Notice how the Nutch architecture makes the strategy choice inseparable from the infrastructure choice. The BFS-with-priority algorithm is conceptually simple. Implementing it correctly at web scale requires distributed file systems (HDFS), domain-partitioned queues, and per-host politeness scheduling that keeps thousands of servers from being overloaded simultaneously. Strategy and system are the same engineering decision.
What Crawl Strategy Means for SEO: Why Some Pages Get Indexed in Hours and Others Wait Months
Googlebot's behavior approximates a priority-weighted BFS. URLs with strong link signals (high internal PageRank, many external inbound links, recent sitemap submission) receive high crawl priority and get fetched within minutes or hours of being published or updated.
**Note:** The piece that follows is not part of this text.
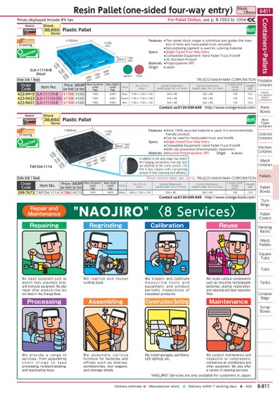 PRICESDISPLAYEDINCLUDE8%TAX.SLA-1111N-B(BLUE)(GREEN)(RED)190MM260MM190MM260MM260MM260MM88MM1100MM150MM1100MM1100MMTAP-D4-1114INADDITIONTOTHEWINGSHAPE,TWOSTRETCHFILMHANGINGMECHANISMS(NON-SLIPRIBS)AREATTACHEDATTHECORNERPORTION.THEFILMISLESSSLIPPERYWITHAPROJECTINGAMOUNTOF5MM,IMPROVINGWORKEFFICIENCY.150MM89MM1400MM260MM190MM260MM300MM190MM300MMFORPALLETDOLLIES,SEEP.8-1053TO1054WEREPAIREQUIPMENTSUCHASELECTRICTOOLS,PNEUMATICTOOLS,ANDHYDRAULICEQUIPMENT.WEALSOREPAIROTHERPRODUCTSTHATARENOTLISTEDINTHEORANGEBOOK.REPAIRINGWEPROVIDEARANGEOFSERVICES,FROMASSEMBLINGCHAINSLINGSTOTAPEPROCESSING,RE-ELECTROPLATING,ANDDUPLICATINGKEYS.PROCESSINGWEREGRINDANDRECOATCUTTINGTOOLS.REGRINDINGWEASSEMBLEVARIOUSFURNITUREFORFACTORIESANDOFFICESSUCHASSHELVES,WORKBENCHES,TOOLWAGONS,ANDSTORAGESHEDS.ASSEMBLINGWEINSPECTANDCALIBRATEMEASURINGTOOLSANDEQUIPMENT,ANDCONDUCTPERIODICINSPECTIONSOFINSULATEDPRODUCTS.CALIBRATIONWEINSTALLGARAGES,PARTITIONS,LEDLIGHTING,ETC.CONSTRUCTION/SETTINGWEREUSEVARIOUSCOMPONENTSSUCHASRECYCLINGRECHARGEABLEBATTERIES,PLATINGRESTORATION,ANDCLEANINGANTI-DUSTRESPIRATORFILTER.REUSEWECONDUCTMAINTENANCEANDINSPECTIONONCOMPRESSORS,COMMERCIALAIRCONDITIONERSANDOTHEREQUIPMENT.WEALSOOFFERAVARIETYOFCLEANINGSERVICES.MAINTENANCE"NAOJIRO"SERVICESAREONLYAVAILABLEFORCUSTOMERSINJAPAN〈8SERVICES〉"NAOJIRO"TRUSCOPLASTICPALLETORDERCODEITEMNO.PRICE(PERSHEET)MSRP(PERSHEET)MAXDYNAMICLOAD(KG)MAXSTATICLOAD(KG)COLORWXDXH(MM)SOCKETDIMENSION(WIDTHSIDE)WXH(MM)SOCKETDIMENSION(DEPTHSIDE)WXH(MM)CENTERGIRTHWIDTH(MM)WEIGHT(KG)423-9415SLA-1111N-B¥7,938¥9,80010004000BLUE1100X1100X150260X88260X8819010.4423-9423SLA-1111N-GN¥7,938¥9,80010004000GREEN1100X1100X150260X88260X8819010.4423-9431SLA-1111N-R¥7,938¥9,80010004000RED1100X1100X150260X88260X8819010.4CONTACTUS:0120-509-849HTTP://WWW.ORANGE-BOOK.COM/STOCK38,650ITEMSORDERUNIT:1SHEETTRUSCONAKAYAMACORPORATIONTRUSCOPLASTICPALLETORDERCODEITEMNO.PRICE(PERSHEET)MSRP(PERSHEET)MAXDYNAMICLOAD(KG)MAXSTATICLOAD(KG)COLORWXDXH(MM)SOCKETDIMENSION(WIDTHSIDE)WXH(MM)SOCKETDIMENSION(DEPTHSIDE)WXH(MM)CENTERGIRTHWIDTH(MM)WEIGHT(KG)299-7673TAP-D4-1114¥7,866¥9,71010004000BLACK1400X1100X150300X89260X8919013.9CONTACTUS:0120-509-849HTTP://WWW.ORANGE-BOOK.COM/STOCK38,650ITEMSORDERUNIT:1SHEET(PRICEREVISIONDATE:JAN,2015)TRUSCONAKAYAMACORPORATIONDRAWING.COMFEATURES●THECENTERBLOCKSHAPEISCYLINDRICALANDGUIDESTHEINSER-TIONOFFORKSANDHANDPALLETTRUCKSMOOTHLY.●NON-POLLUTINGPIGMENTISUSEDFORCOLORINGMATERIAL.SPECS●SINGLEFACEDFOURWAYENTRY●COMPATIBLEEQUIPMENT:HANDPALLETTRUCK/FORKLIFT●JISSTANDARDPRODUCTMATERIALS●POLYPROPYLENE(PP)ORIGIN●JAPANDRAWING.COMFEATURES●SINCE100%RECYCLEDMATERIALISUSED,ITISENVIRONMENTALLYFRIENDLYPRODUCT.●CANBEUSEDFORHANDPALLETTRUCKANDFORKLIFT.SPECS●SINGLEFACEDFOURWAYENTRY●COMPATIBLEEQUIPMENT:HANDPALLETTRUCK/FORKLIFT●WITHSLIPPREVENTION(THERMOPLASTICELASTOMER)MATERIALS●RECYCLEDPOLYPROPYLENE(PP)ORIGIN●JAPANCONTAINERS・PALLETSFOLDABLECONTAINERSPLASTICCORRUGATED-BOARDCONTAINERSPARTSBOXESBOXTYPECONTAINERSCONDUCTIVECONTAINERSKITCHENCONTAINERSMESHCONTAINERSPALLETSPALLETBOXESTURNRINGSPALLETCOVERSNESTINGRACKSMESHPALLETSSQUARETUBSTUBSTANKSCONTAINERBAGSSCRAPBOXESRESINPALLET(ONE-SIDEDFOUR-WAYENTRY)STOCK18ITEMS8-811*0510721*8-811DELIVERYESTIMATE★…MANUFACTURERSTOCK★…DELIVERYWITHIN7WORKINGDAYS★…ASK
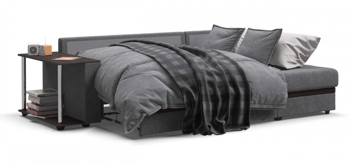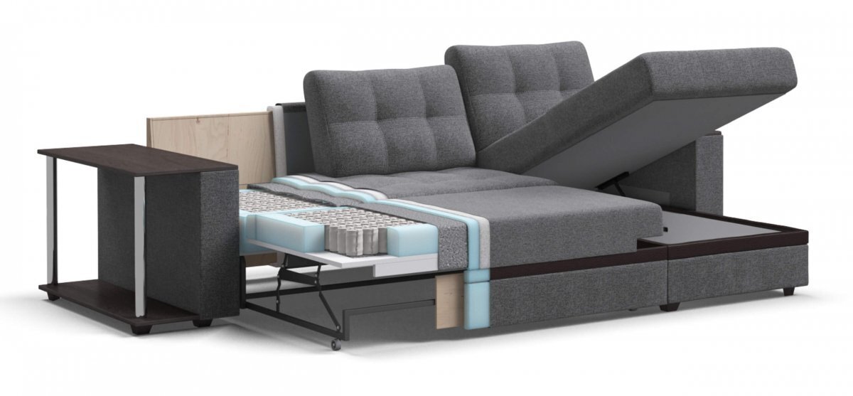 Не прилагая особых усилий, диван легко превратить в комфортную двуспальную кровать с идеально ровным спальным местом. Выкатная часть выполнена на независимом пружинном блоке, обивка в основной ткани. Задняя часть спинки дивана частично выполнена в технической ткани

URLs sitting many clicks from any well-linked page may wait in Googlebot's queue for days or weeks.[3]Source 3Cho, J., Garcia-Molina, H., and Page, L. (1998). "Efficient Crawling Through URL Ordering." Computer Networks and ISDN Systems, 30(1-7):161-172.View source
According to crawl prioritization analysis from multiple SEO research sources, the gap is not marginal. A high-priority URL can be crawled within minutes of publication; a low-priority URL on a poorly-linked site can wait weeks without ever being fetched in a given crawl cycle.
Three site architecture decisions follow directly from understanding BFS-like crawl strategy:
Link depth. Pages more than three clicks from the homepage sit at deep queue levels in a BFS system. Googlebot's crawl budget is not unlimited. Pages that matter (product pages, pillar content, high-converting landing pages) should be reachable within three clicks from a well-linked page.
Internal link clustering. Focused crawlers and priority-BFS systems alike score link neighborhoods. A cluster of topically related pages that all link to each other signals strong relevance and improves crawl priority for the entire group. This is why internal linking is a crawl architecture decision, not merely a UX decision.
XML sitemaps as a queue bypass. A sitemap submitted to Search Console injects URLs directly into Google's crawl queue, bypassing the link-following mechanism entirely. For new content with no established inbound links, sitemap submission is the only reliable path into the BFS frontier before the normal link-following cycle would naturally reach the page.
Sources
Najork, M., and Wiener, J.L. (2001). "Breadth-First Crawling Yields High-Quality Pages." Proceedings of the 10th International Conference on World Wide Web (WWW '01), pp. 114-118. ACM.
Chakrabarti, S., van den Berg, M., and Dom, B. (1999). "Focused Crawling: A New Approach to Topic-Specific Web Resource Discovery." Computer Networks, 31:1623-1640. Elsevier.
Cho, J., Garcia-Molina, H., and Page, L. (1998). "Efficient Crawling Through URL Ordering." Computer Networks and ISDN Systems, 30(1-7):161-172.
Apache Nutch Project. Nutch2Crawling documentation. Apache Software Foundation.